THIS OPINION HAS NO PRECEDENTIAL VALUE. IT SHOULD NOT BE CITED OR RELIED ON AS PRECEDENT IN ANY PROCEEDING EXCEPT AS PROVIDED BY RULE 268(d)(2), SCACR.

THE STATE OF SOUTH CAROLINA
In The Court of Appeals

The State, Respondent,

v.

Clift Grant, III, Appellant.


Appeal From Berkeley County
Roger M. Young, Circuit Court Judge


Unpublished Opinion No.  2010-UP-401
Submitted September 1, 2010 –Filed September 14, 2010 


AFFIRMED


Appellate Defender Elizabeth A. Franklin-Best, of Columbia, for Appellant.

Attorney General Henry Dargan McMaster, Chief Deputy Attorney General John W. McIntosh, Assistant Deputy Attorney General Salley W. Elliott, Assistant Attorney General Christina J. Catoe, all of Columbia; and Solicitor Scarlett A. Wilson, of Charleston, for Respondent.

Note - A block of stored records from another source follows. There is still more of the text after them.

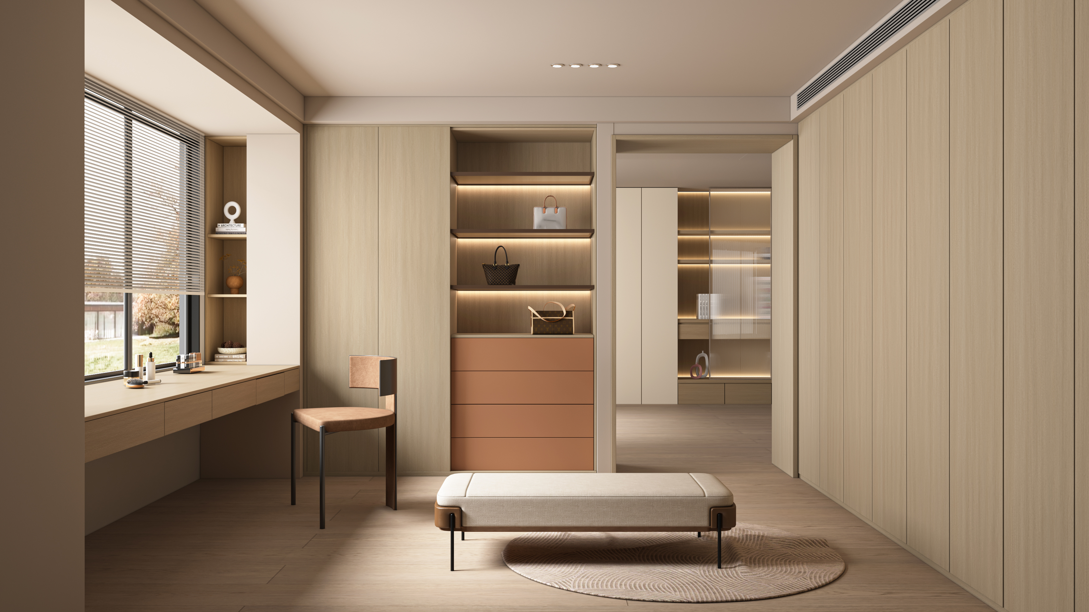 Soft oak straight structures flow gently, paired with low-saturation tones to create a clean, tactile layout. Balanced and refined, the grain feels calm and natural, bringing soothing warmth and a return-to-nature comfort, ideal for creamy and wabi-sabi cabinet applications.
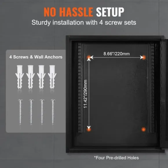 I paketet ingår fyra skruvsatser, så att nyckelskåpet kan monteras säkert och platsbesparande på väggen.
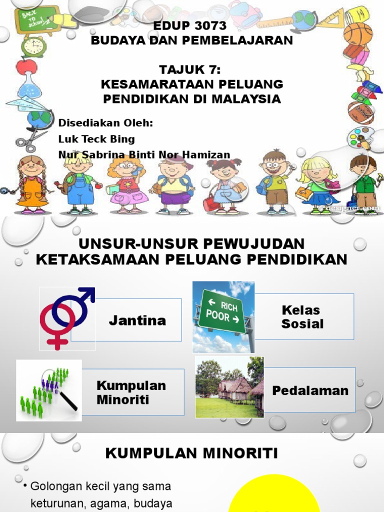 Kesamarataan peluang pendidikan di malaysia. Pedalaman jantina sekolah dan guru memainkan peranan membentuk persekitaran pembelajaran yang mana hak untuk belajar kurikulum. View kesamarataan peluang pendidikan di malaysia pedalaman pptx from cs hci at institut pendidikan guru kampus batu lintang. Kesamarataan peluang pendidikan di malaysia. Doc ketaksamaan peluang pendidikan di malaysia.
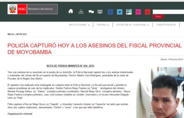 Desde el Ministerio de Interior (MININTER) ayer se emitió una nota de prensa donde titulan al suceso como la captura de los asesinos, luego de conocer que los presuntos implicados habían sido identificados en Moyobamba.
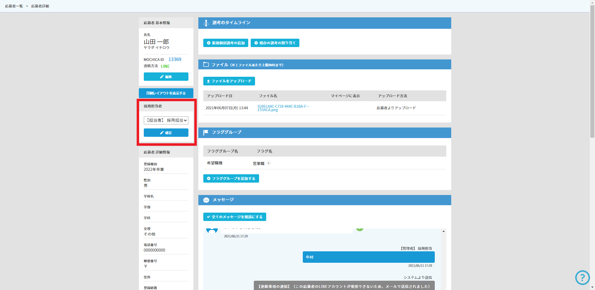 担当者を変更したい学生の個人ページにて「採用担当者」の項目を確認。
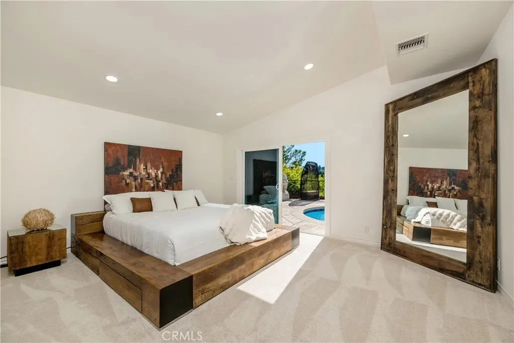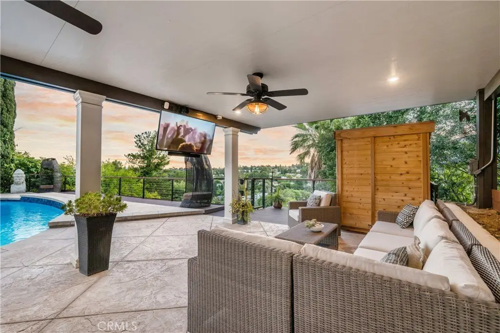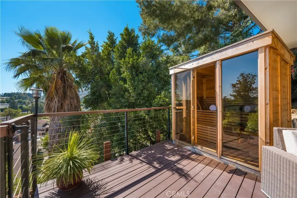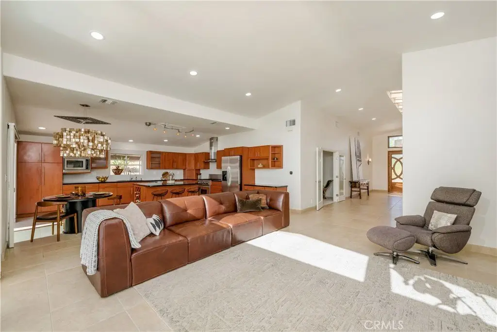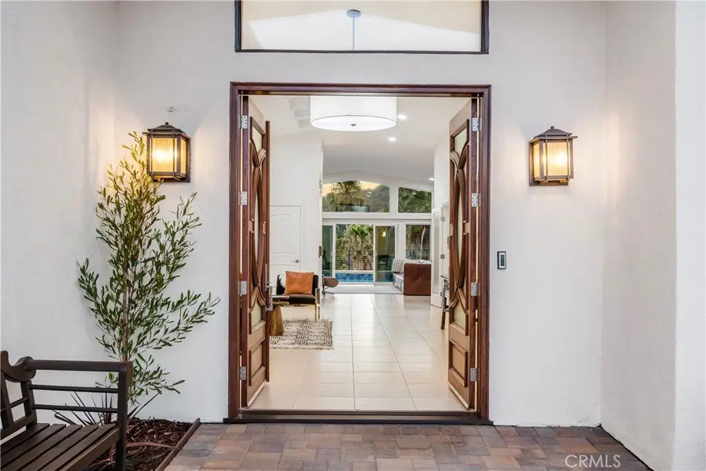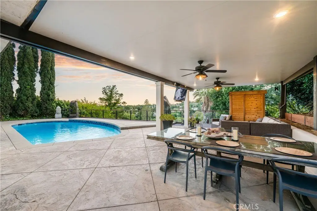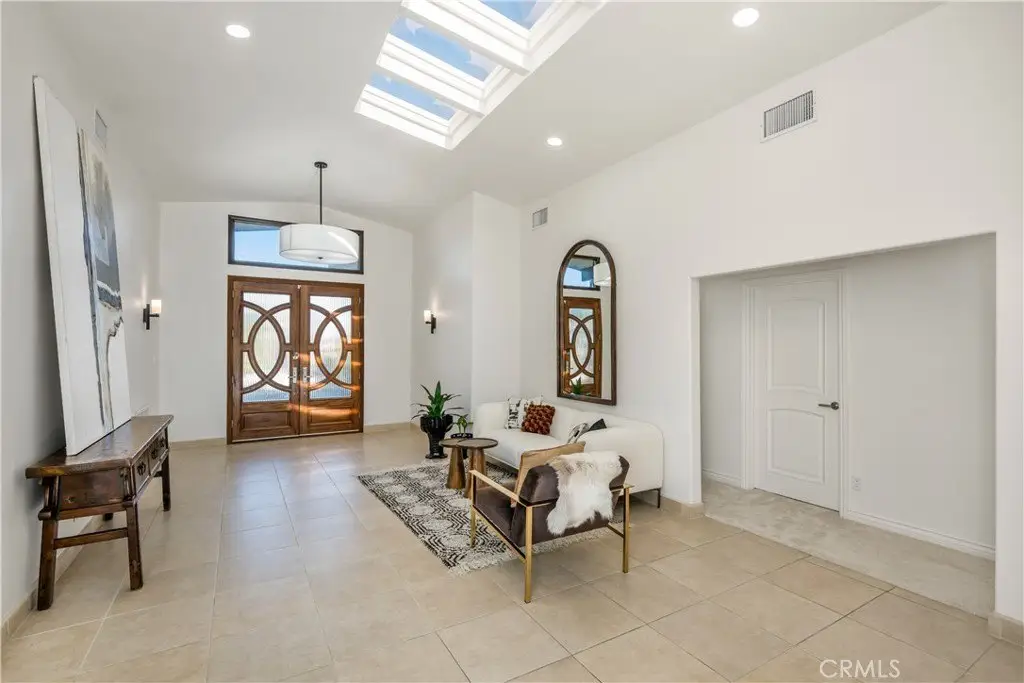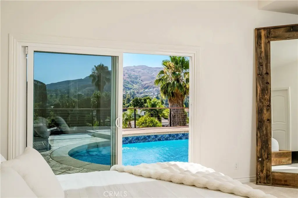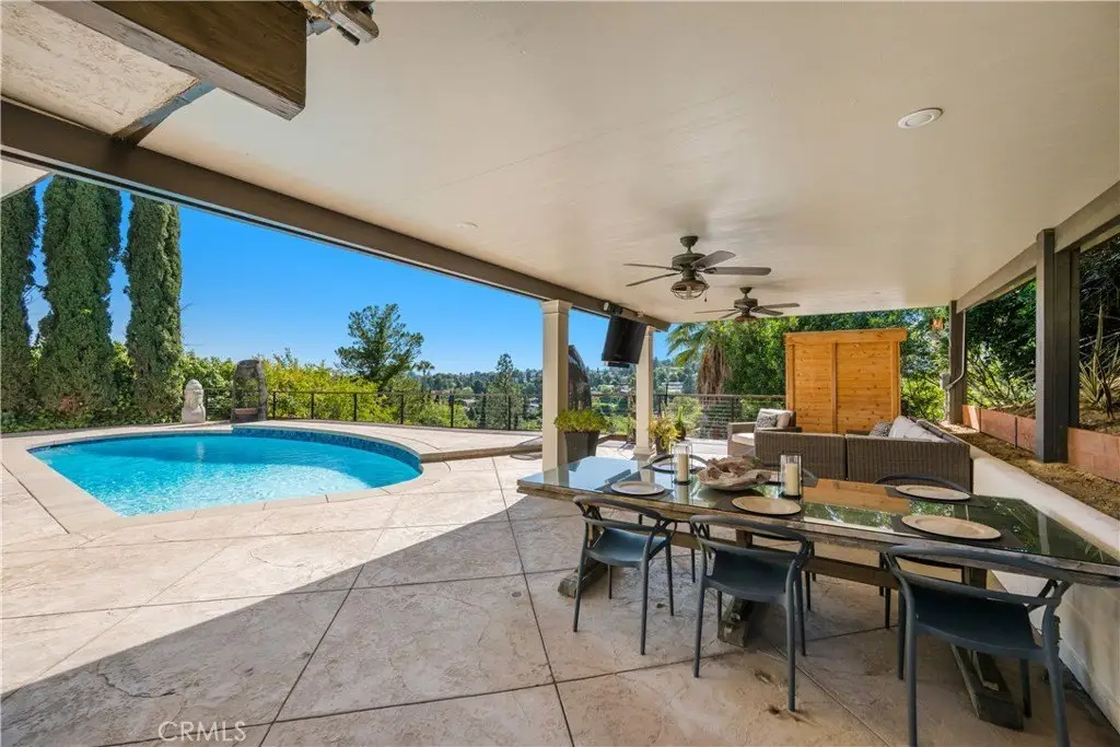 Welcome to this beautifully updated 4-bedroom, 2.5-bathroom modern View retreat located in Prime Granada Hills neighborhood North Of Rinaldi. Set on a quiet street with serene hillside views, this home blends mid-century design with luxurious indoor-outdoor living. Step inside through elegant double doors and be amazed what this true modern beauty has to offer. Natural light-filled open layout with vaulted ceilings with multiple skylights, tastefully remodeled all throughout. The spacious modern chef's kitchen with center island flows easily into the dining and living areas — perfect for family gatherings or entertaining guests. The resort-style entertainers backyard is made for California living — featuring a covered patio with a built-in TV, ceiling fans, outdoor dining and lounge area, dry sauna and a sparkling pool overlooking panoramic mountain views. Additional features include New LED recessed lights throughout, New entry chandelier and wall sconces, New interior paint throughout, Updated Central A/C & Heat, New side privacy fence, New landscaping & Sprinkler System, New Pavers and so much more. Truly A Must See!!!
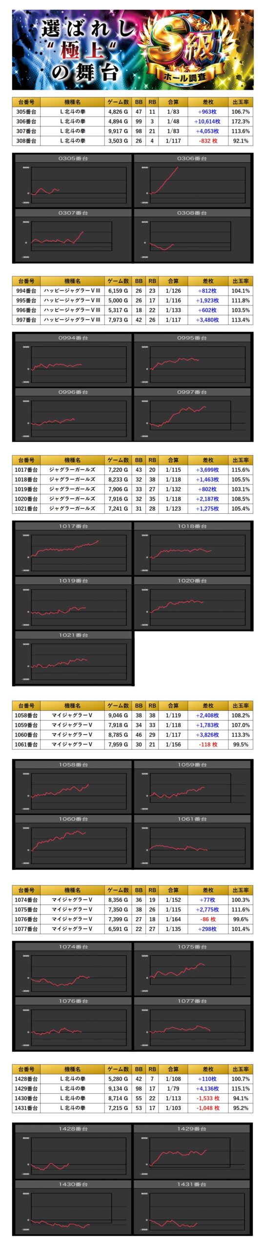 4台以上設置機種から優秀台を探すと31台をpick upする事ができた。31台の平均差枚は+777枚で平均出率が103.7%と多彩な機種がpick upされた。
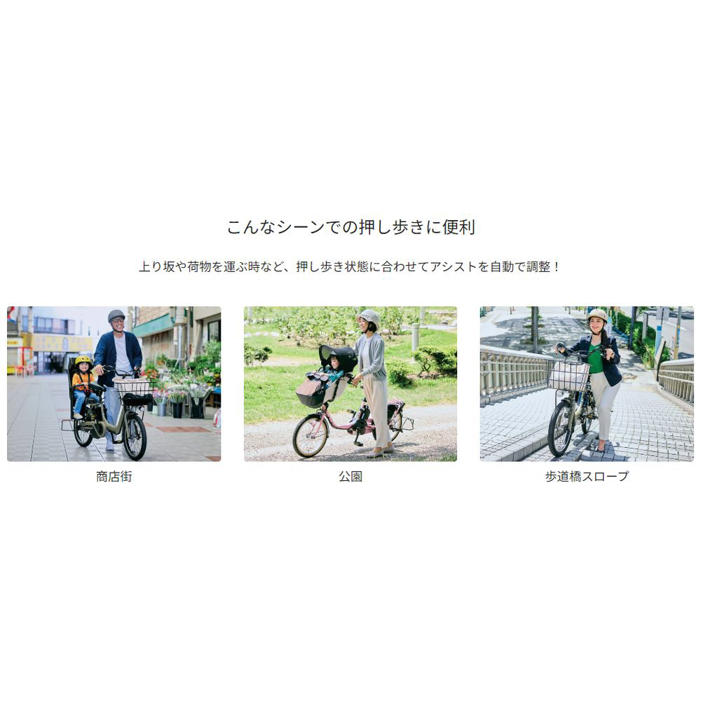 上り坂や荷物を運ぶ時など、押し歩き状態に合わせてアシストを自動で調整!(商店街、公園、歩道橋スロープ)
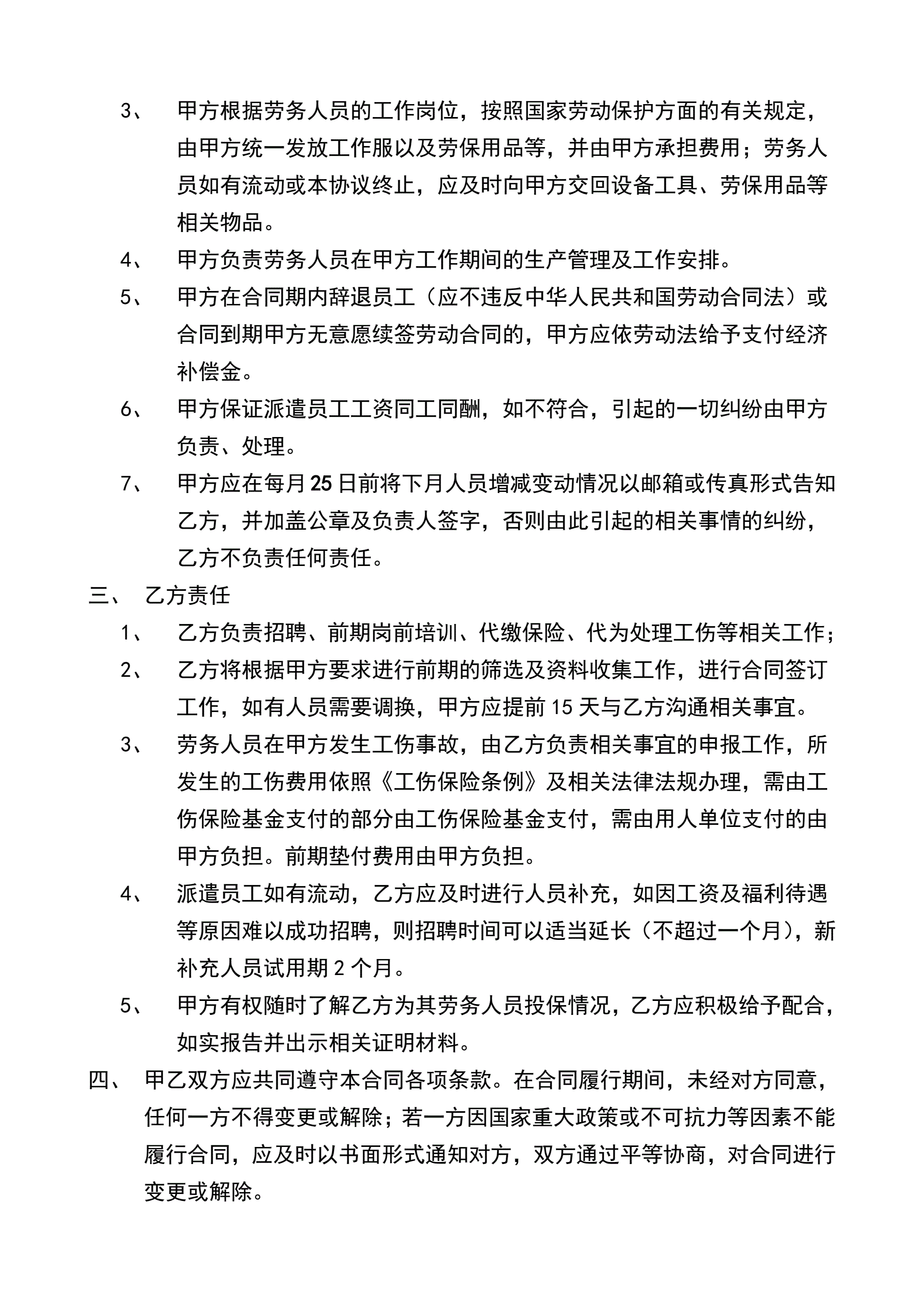 劳务派遣协议样本

PER CURIAM:  Clift Grant, III appeals his sentence for voluntary manslaughter, arguing the trial court abused its discretion in denying his motion for reconsideration.  We affirm pursuant to Rule 220(b)(1), SCACR, and the following authorities: State v. Smith, 276 S.C. 494, 498, 280 S.E.2d 200, 202 (1981) (holding the trial court's ruling on a motion for reconsideration will not be disturbed on appeal absent an abuse of discretion);  State v. Follin, 352 S.C. 235, 257, 573 S.E.2d 812, 824 (Ct. App. 2002) ("[W]hen the record clearly reflects an appropriate basis for a disparate sentence, the sentencing judge may impose a different sentence on a co-defendant in a criminal trial."); Brooks v. State, 325 S.C. 269, 271-72, 481 S.E.2d 712, 713 (1997) ("A trial judge is allowed broad discretion in sentencing within statutory limits. A sentence is not excessive if it is within statutory limitations and there are no facts supporting an allegation of prejudice against a defendant." (citations omitted)); S.C. Code Ann. § 16-3-50 (2003) ("A person convicted of manslaughter, or the unlawful killing of another without malice, express or implied, must be imprisoned not more than thirty years or less than two years.").   

AFFIRMED.[1]

FEW, C.J., HUFF and GEATHERS, JJ., concur. 


[1] We decide this case without oral argument pursuant to Rule 215, SCACR.